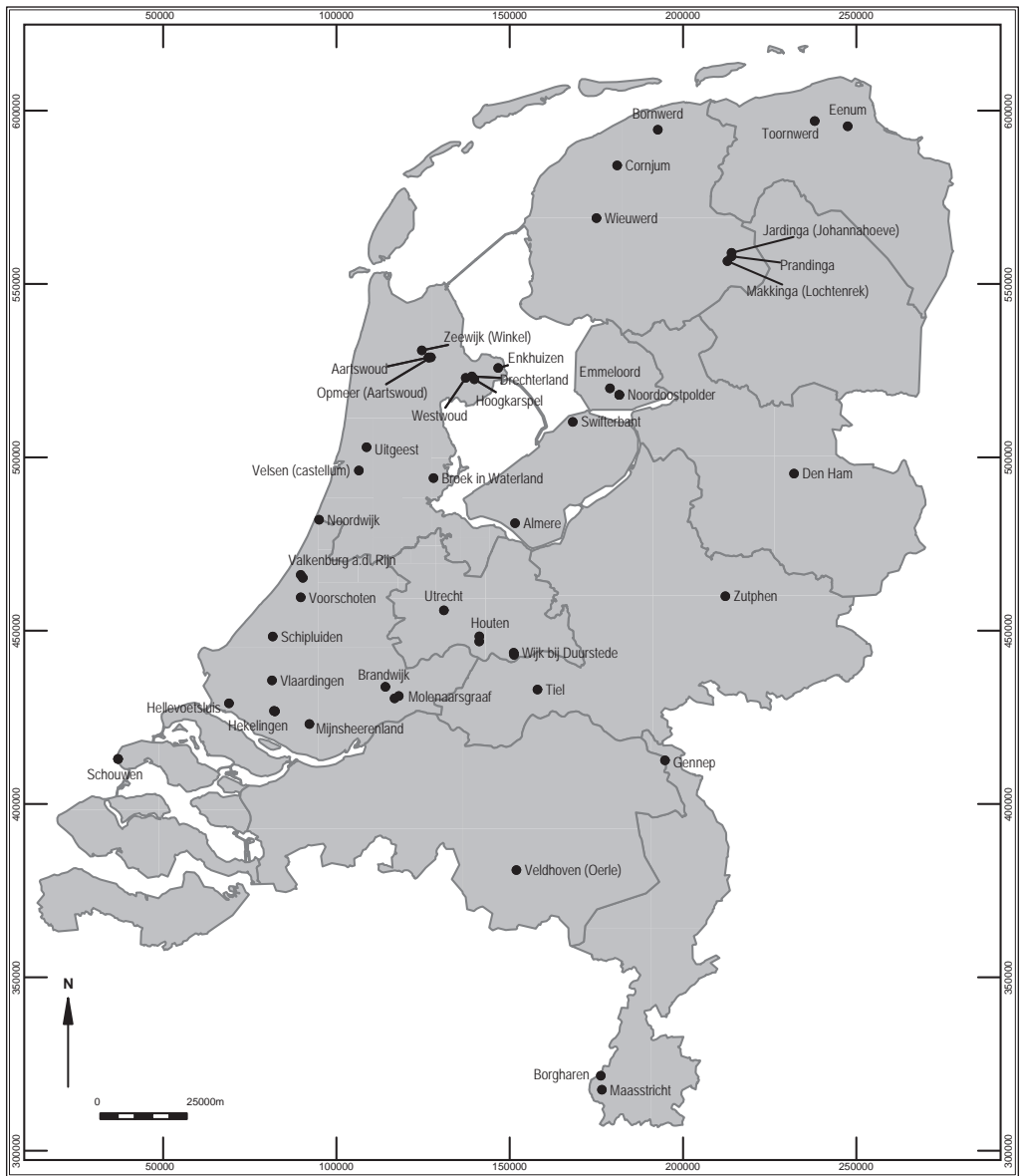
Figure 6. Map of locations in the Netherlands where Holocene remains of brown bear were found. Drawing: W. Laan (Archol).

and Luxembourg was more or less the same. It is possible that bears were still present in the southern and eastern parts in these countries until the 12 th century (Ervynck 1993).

...

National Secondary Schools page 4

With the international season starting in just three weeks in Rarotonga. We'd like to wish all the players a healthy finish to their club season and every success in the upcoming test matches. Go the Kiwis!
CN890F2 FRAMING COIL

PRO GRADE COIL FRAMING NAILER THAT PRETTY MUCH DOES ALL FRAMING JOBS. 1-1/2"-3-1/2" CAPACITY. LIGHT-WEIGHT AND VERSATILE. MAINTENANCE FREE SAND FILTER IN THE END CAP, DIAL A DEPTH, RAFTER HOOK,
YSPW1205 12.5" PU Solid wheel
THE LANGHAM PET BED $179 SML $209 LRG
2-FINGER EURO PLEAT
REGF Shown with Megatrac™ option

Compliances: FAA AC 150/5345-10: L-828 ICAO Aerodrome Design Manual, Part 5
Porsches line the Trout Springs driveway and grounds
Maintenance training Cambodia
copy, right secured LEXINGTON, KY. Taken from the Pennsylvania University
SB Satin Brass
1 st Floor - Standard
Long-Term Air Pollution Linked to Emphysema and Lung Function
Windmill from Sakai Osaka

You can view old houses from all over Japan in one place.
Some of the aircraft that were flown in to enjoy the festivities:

--

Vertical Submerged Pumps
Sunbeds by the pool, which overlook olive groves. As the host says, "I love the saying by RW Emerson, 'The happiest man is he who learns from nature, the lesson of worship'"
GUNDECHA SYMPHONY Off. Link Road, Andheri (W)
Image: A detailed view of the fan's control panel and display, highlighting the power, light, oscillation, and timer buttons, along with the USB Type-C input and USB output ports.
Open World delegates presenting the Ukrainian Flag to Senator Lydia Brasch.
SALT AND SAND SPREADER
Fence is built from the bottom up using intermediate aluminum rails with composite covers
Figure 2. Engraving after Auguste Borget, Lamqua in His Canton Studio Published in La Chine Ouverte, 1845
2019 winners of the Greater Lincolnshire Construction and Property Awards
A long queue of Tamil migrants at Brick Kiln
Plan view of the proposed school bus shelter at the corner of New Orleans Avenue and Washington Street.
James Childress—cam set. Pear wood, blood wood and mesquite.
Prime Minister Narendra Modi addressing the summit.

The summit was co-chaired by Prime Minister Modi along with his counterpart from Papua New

EXERCISE BRIEF:
Would you retype the lines above from the one with "Fence is built" down to the one with "The summit was", word for word, both ends included and no other lines?

PROBLEM SOLUTION:
Fence is built from the bottom up using intermediate aluminum rails with composite covers
Figure 2. Engraving after Auguste Borget, Lamqua in His Canton Studio Published in La Chine Ouverte, 1845
2019 winners of the Greater Lincolnshire Construction and Property Awards
A long queue of Tamil migrants at Brick Kiln
Plan view of the proposed school bus shelter at the corner of New Orleans Avenue and Washington Street.
James Childress—cam set. Pear wood, blood wood and mesquite.
Prime Minister Narendra Modi addressing the summit.

The summit was co-chaired by Prime Minister Modi along with his counterpart from Papua New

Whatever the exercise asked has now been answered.